The biggest pitfall in this process, is listening to the data cleansing vendors promises of what can be done with your data without giving sufficient thought to how the results of their work will be re-integrated into your database. Don't forget that Maximizer keeps lots of lovely history linked to names and addresses and in most cases you'll want this to stay linked to the appropriate cleaned data. On the rare occasion when you are prepared to start from scratch, accepting the results of data cleansing is relatively easy.
This working paper is intended to provide you with a good basis for considering how to approach the task, how to communicate your requirements to your cleansing vendor and then how to integrate the changes they supply.
1. Types of Cleansing
What exactly does data cleansing mean?
This is the first thing you must clearly identify. You need to clarify exactly what you want to have achieved by the end of the process. Often in database cleansing the administrator may just want to correct address details. However, data cleansing may also include the addition of new information and even new contacts.
There are a number of levels of cleansing which you may wish to undertake. Each of these different types requires a different level of effort by the cleansing vendor. It is also worth considering whether this is a one off exercise or the start of an on-going process.
In the follow sections we consider the different types of cleansing you may be considering.
1.1 Data Enhancement
With Data Enhancement you will be asking your cleansing vendor to add additional information to your database based on your existing data. This type of cleansing is often simply based on adding new information to your existing companies and contacts. In some cases your cleansing supplier will also offer to use a profiling system to select many new prospects for you based on a similar marketing profile in their research database using an ACORN or similar coding system.
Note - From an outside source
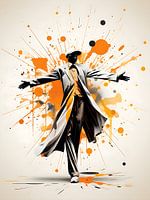 Het levendige schilderij toont een kleurrijke beige en oranje achtergrond met speelse verfspatten die als vuurwerk over het doek lijken te exploderen. In het centrum staat een trotse, donkere man met zijn armen wijd open, als een baken van kracht en zelfverzekerdheid.

This type of checking of names and addresses may be undertaken by a telemarketing team and could be a one off or on-going process.
As a one off process you will need to take particular care to consider all the different items of information that may be changed as a result of the cleansing work. Your cleansing/telemarketing supplier will be doing a lot of work for you on each address and careful consideration is required for how every item changed will get back into Maximizer.
One off processes are usually done as a batch job and the cleansing vendor will probably require to load your key Maximizer data into their own systems to undertake the cleaning task.
1.1.2 On-going cleansing
If you are considering an on going cleansing or telemarketing process then Maximizer offers a unique possibility..... Put the cleansing/telemarketing company on Max Exchange and suggest that their staff work directly on your Maximizer data.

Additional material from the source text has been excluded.